Some shadow of memory darkened Provik's eyes. "Sure. And the wrong thing for the right reason. But that was then and this is now. Why lose sleep over it? You want more motivation, remember they put a price on your head."

Was that a threat?

"No. Wrong choice of words. We weren't smart when we started. People on Prime know your name. Some are the type who would try to collect the reward. Be hard to avoid them all. Unless you spend your life locked up in the Pylon the way the Chairs do."

"Or I can go out there with the Outsiders and fight back?"

"You know their conditions. We go through that door and we're committed till they turn us down or turn us loose. The Valerena and Blessed can dodge it. You and I can't."

"Can't you?" Turtle eyed Provik narrowly.

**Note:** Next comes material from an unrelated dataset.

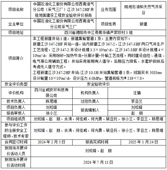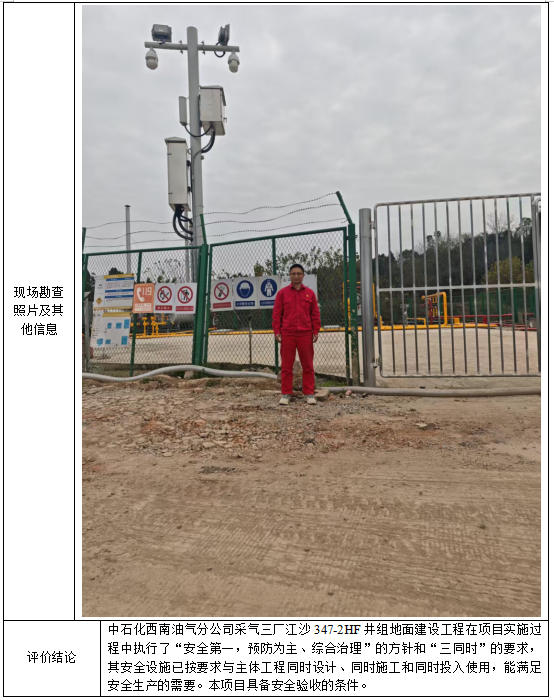 中国石油化工股份有限公司西南油气分公司(采气三厂)江沙347-2HF井组地面建设工程安全验收评价报告

Provik was startled. And understood. "How long have you known?"

"Since they tried to kill you, Blessed, and Valerena. They did kill you. It was on that tape. But it was you who brought the tape, and a female with impossible reaction times."

"And you never used that."

"I'm not human," Turtle said, which he suspected Provik would take to mean that he had not yet found a reason to draw the bolt from his quiver.

"I owe you one."

"Not necessarily."

One of the female Proviks appeared, escorting the chosen Valerena. She raised an eyebrow. "Another moral crossroads," Lupo said. "We're going to survive it, I think. Where's Blessed's Other?"

"On his way. Says he'll be a few minutes late. I think he wants to be the last to arrive."

Provik grumbled something. "Well, Kez Maefele, there's the final curtain. Can you bring yourself to save this House?"

"You go to save your House, Mr. Provik. I'll go to raze the dragon's lair."

There were few Ku left. A few thousand were scattered across Canon. A few tens of thousands lived on the old homeworld, their backs resolutely to the stars and yesterday. And beyond the Rims there were tiny, scattered guest colonies and a few nomadic ships surviving by carrying whatever cargoes they could acquire. In all, surely, fewer than a hundred thousand Ku, fading from the stage faster than their conquerers, lacking any real will to survive.

Provik had let him spend a fortune to find out how hopeless his people were.